On April 19, 2002, Roush almost lost his life when his private plane, an Aircam, went down in a lake in Troy, Alabama. Roush was underwater and unconscious, suffering from a concussion, when Larry Hicks, a retired Marine in a nearby boat, rescued Roush from under water, pulled him to safety, and administered CPR. Shortly afterwards, Roush was flown to UAB Hospital in Birmingham, Alabama, where he was treated for a head injury, broken ribs, and a shattered left leg. Hicks was injured as a result of the rescue, suffering cramps in both his arms and first degree chemical burns on his body from the fuel.

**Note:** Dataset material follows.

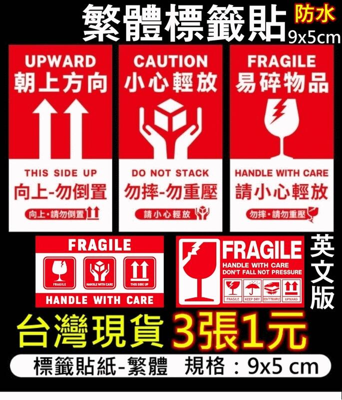 【台灣現貨】3貼1元-易碎貼紙/易碎標籤貼紙易碎貼網拍易碎貼紙/防摔貼紙/包裹貼紙玻璃易碎貼網拍貼紙警示貼易碎品貼紙

On July 27, 2010, Roush crashed his Hawker Beechcraft Premier 390 jet during an approach to the Experimental Aircraft Association AirVenture Fly-In in Oshkosh, Wisconsin, in the late afternoon. He walked out of the plane and was taken to a nearby hospital. His condition was listed at serious but stable that evening. On August 3, Roush was upgraded to fair condition. On August 13, Roush made his first at track appearance since the incident at the Michigan International Speedway. During that time he confirmed that he fractured his back, broke his jaw, and lost vision in his left eye as a result. The National Transportation Safety Board attributed the cause of the crash to pilot error, specifically, "pilot's decision not to advance the engines to takeoff power during the go-around, as stipulated by the airplane flight manual, which resulted in an aerodynamic stall at a low altitude."